1960s: Romney leaves and becomes governor of Michigan. He is replaced as president by Roy Abernethy, former sales manager. He is replaced later in the decade by William V. Luneburg. To raise capital, subsidiaries were sold off, including the Kelvinator brand of household wares, which left AMC solely as a car maker.

1970s: AMC buys Kaiser-Jeep. AM General also is formed, the company that later produced the Hummer and other rugged vehicles, largely for military and government use. In 1977, Luneburg retires as president and is replaced by Gerald C. Meyers, who eventually takes over as chairman and CEO from Roy Chapin. France-based Renault takes an ownership stake in the company.

1980s: The United States is in a recession, and AMC sees record losses early in the decade. Jose J. Dedeurwaerder, a Renault manager, is named president of AMC.

1987: Rival Chrysler buys AMC. American Motors becomes the Jeep/Eagle division of Chrysler.

Dec. 14, 1987: The last AMC, an Eagle Wagon, rolls off the line.

Source: www.american-motors.de/en/ and CPBJ research

AMC did well in the early years, when one of its leaders was George W. Romney, the father of former presidential candidate Mitt Romney. George Romney would go on to become governor of Michigan, where the Big 3 were all based.

AMC’s bottom line was helped by the company’s purchase of Kaiser-Jeep in 1970. When Chrysler bought AMC in 1987, Chrysler kept the Jeep line, which still is in production today by Fiat Chrysler.

“Some people say that Jeep saved Chrysler,” Smith said.

In fact, Chrysler had previously been helped by a 1980 bailout package from the U.S. government.

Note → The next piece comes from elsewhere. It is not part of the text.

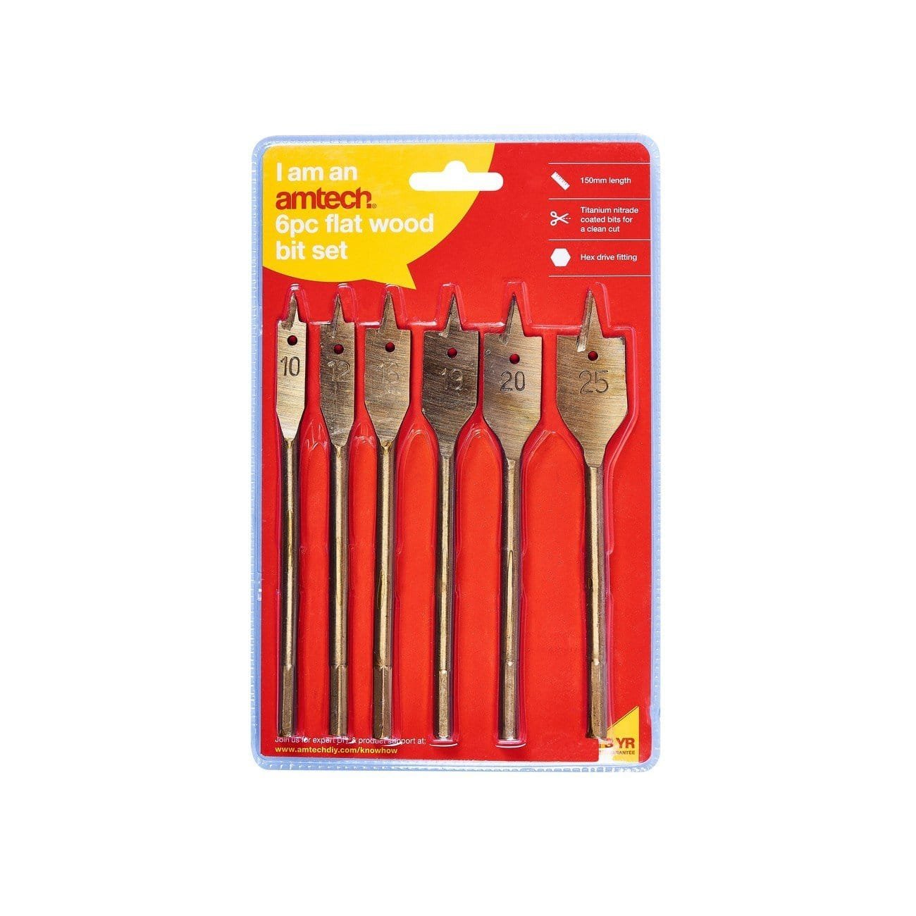 6Pc Flat Wood Bit Set ?Titanium

The oil crisis in the 1970s was tough on all U.S. automakers, which were slow to adapt to a changing market in which consumers sought cars that sipped gas, instead of guzzling it. AMC created the iconic Pacer, which had a wide body and rounded back, with lots of glass.

“The Pacer was a hot seller,” Smith said. “But after the first year, those who wanted one already had one.”

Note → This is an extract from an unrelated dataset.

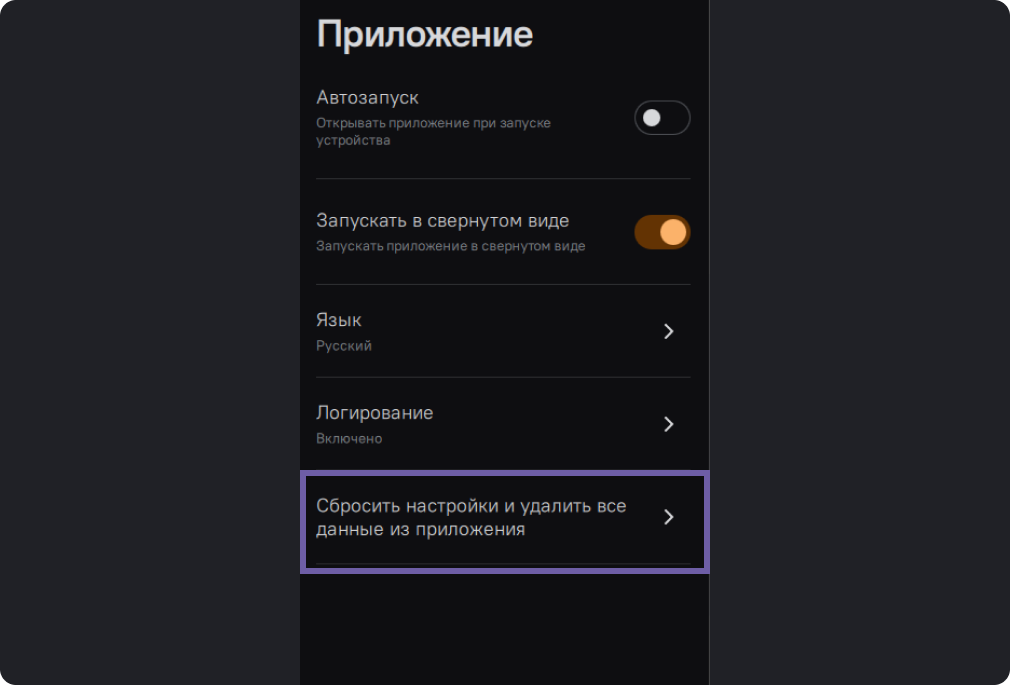 На следующем экране выберете “Сбросить настройки и удалить все данные из приложения”.

As a small independent car maker, Smith said, the company was nimble when it came to innovations. The AMC Eagle was one of the first passenger cars to offer four-wheel drive, he pointed out. And it made pioneering advancements in body construction, dual-master cylinders for brakes and ceramic coatings on exhaust systems, he added.

The flipside of being small and independent was that the company was chronically short on cash.

In the 1970s, Renault took an ownership stake. The France-based company modernized some plants and created the hot-selling and critically acclaimed Renault Alliance as one of its products.

Then came the recession of the early 1980s, which hit AMC especially hard.

“It was ahead of its time in many respects,” said Mike Spangler, who runs the website www.amonational.com, which promotes all-things AMC, including the national convention in Gettysburg. “But it always was the underdog and always the small one. When it got behind, it couldn’t quite keep up.”

Smith put the end of AMC this way:

“Their demise was a lack of cash,” he said.

“But they had cars too cool to be forgotten.” Unlike their owners, he quipped, “They’ve gotten older and faster at the same time.”